Они подъехали вдвоем к дому Тренева. Здесь уже собрался весь «Отряд особого назначения». Пчелинцев, Бирич, Тренев и Струков стояли на крыльце, вяло переговариваясь. Было еще рано. Сильный утренний мороз перехватывал дыхание. Собаки, покрытые изморозью, дрожали и сбивались в тесные кучи. Люди, успевшие уже промерзнуть, сердито поглядывали на Соболькова и Чумакова. Бирич не удержался, проворчал:
— Задержали вы всех, Петр Васильевич!
— Сборы — дело
— Тогда в путь! — Бирич хлопнул Губанова по плечу. Его он назначил начальником отряда. — Надеюсь, что все будет сделано, как надо.
— Дело плевое, — усмехнулся Губанов. — Это что мух давить.
— Ну, с богом, — пожелал Бирич, но в это время Тренев воскликнул:
— Свенсон торопится.
Олаф, действительно, быстро шагал к собравшимся. «Хочет убедиться своими глазами, что его товары отправляются выручать», — с раздражением подумал Бирич, но встретил Олафа широкой дружеской улыбкой.

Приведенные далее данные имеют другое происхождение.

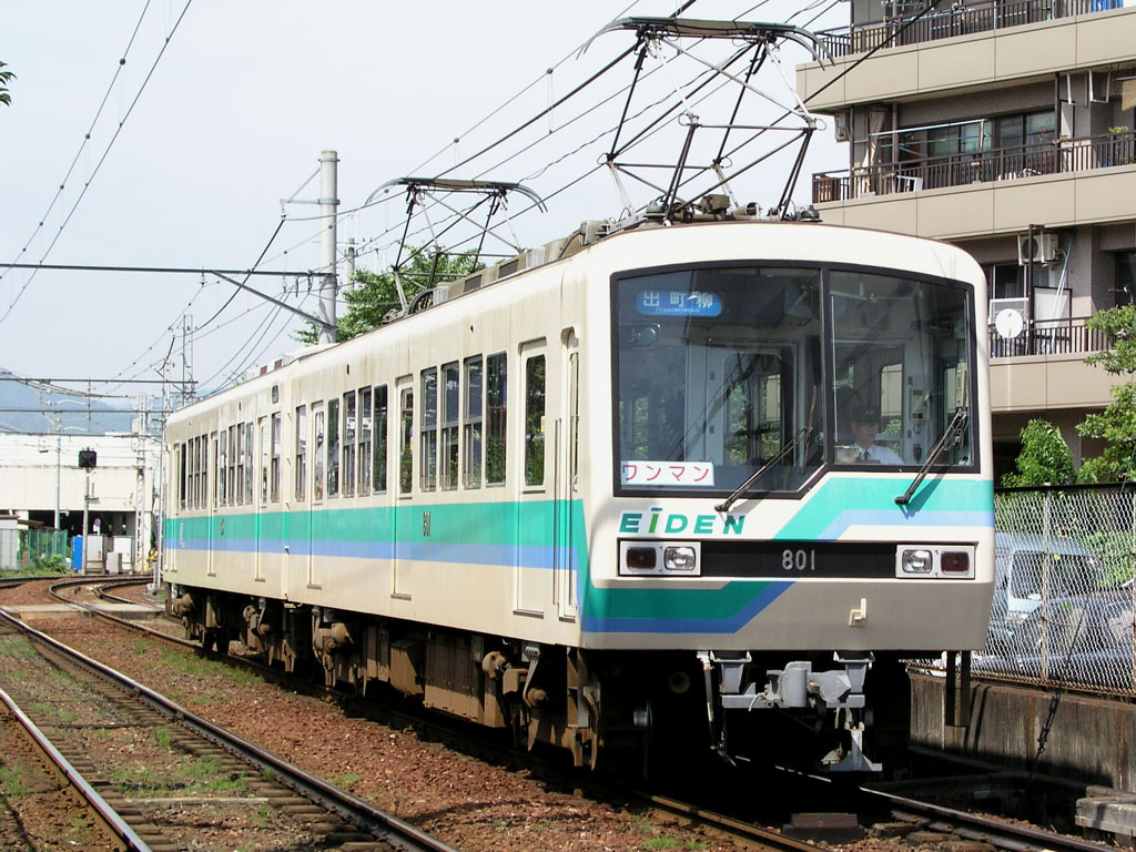 Eizan Electric Railway Series Deo 800 running near Demachiyanagi Station Taken in July 2006

— Чуть не опоздали, дорогой Олаф! Еще пять минут, и отряд выехал бы.
— Эти пять минут я оставил в запас, — Олаф глубоко дышал. Американцы накануне договорились, что не будут присутствовать при отправке, чтобы не давать лишнего повода для разговоров. Однако Свенсон вечером забеспокоился. Что может произойти в Марково с его товарами, если там наступит временное безвластие? Найдутся люди, которые, захотят пошарить в его складах. Олаф не верил, что большинство товаров распродано, как писали сами марковцы. Что-то надо было предпринять. Всю ночь Олаф плохо спал. Незадолго до рассвета он поднялся, зажег лампу.
— Дорогой, что ты так рано? — спросонья спросила Елена Дмитриевна.
— Спи, спи, — успокоил ее Олаф и сел за стол. Он писал Мартинсону и Маклярену, чтобы они востребовали все долги, покрыли все убытки, причиненные большевиками, и ждали его приезда. В письме к Мартинсону Олаф приказывал немедленно опечатать склад Черепахина, «так как все его товары принадлежат мне. Лучше всего попытайтесь подольше задержать в Марково приехавших людей, которые уничтожат большевиков, и нанять их для охраны складов до моего появления. Как только это сделаете, срочно сообщите. Если же в Марково появится Черепахин — к товарам его не подпускать. У меня есть расписка, что весь его склад принадлежит мне. Он брал у меня все в кредит». У Олафа не дрогнула рука, когда он это писал. Он давно считал, что на этой земле должны торговать три-четыре крупных коммерсанта, а мелким пора исчезнуть. Каждый из них в отдельности не опасен для компании, но все вместе они превращаются в ощутимую конкурирующую силу и берут у туземцев много пушнины. О встрече с Черепахиным и о договоре с ним Свенсон никому не рассказывал. Он всегда придерживался правила, чем меньше о его делах будут знать, тем лучше. К тому же Свенсону совершенно не хотелось, чтобы его имя Связывали с именем фельдшера, вставшего на путь вооруженной борьбы против Советов, хотя Олаф страстно желал их уничтожения.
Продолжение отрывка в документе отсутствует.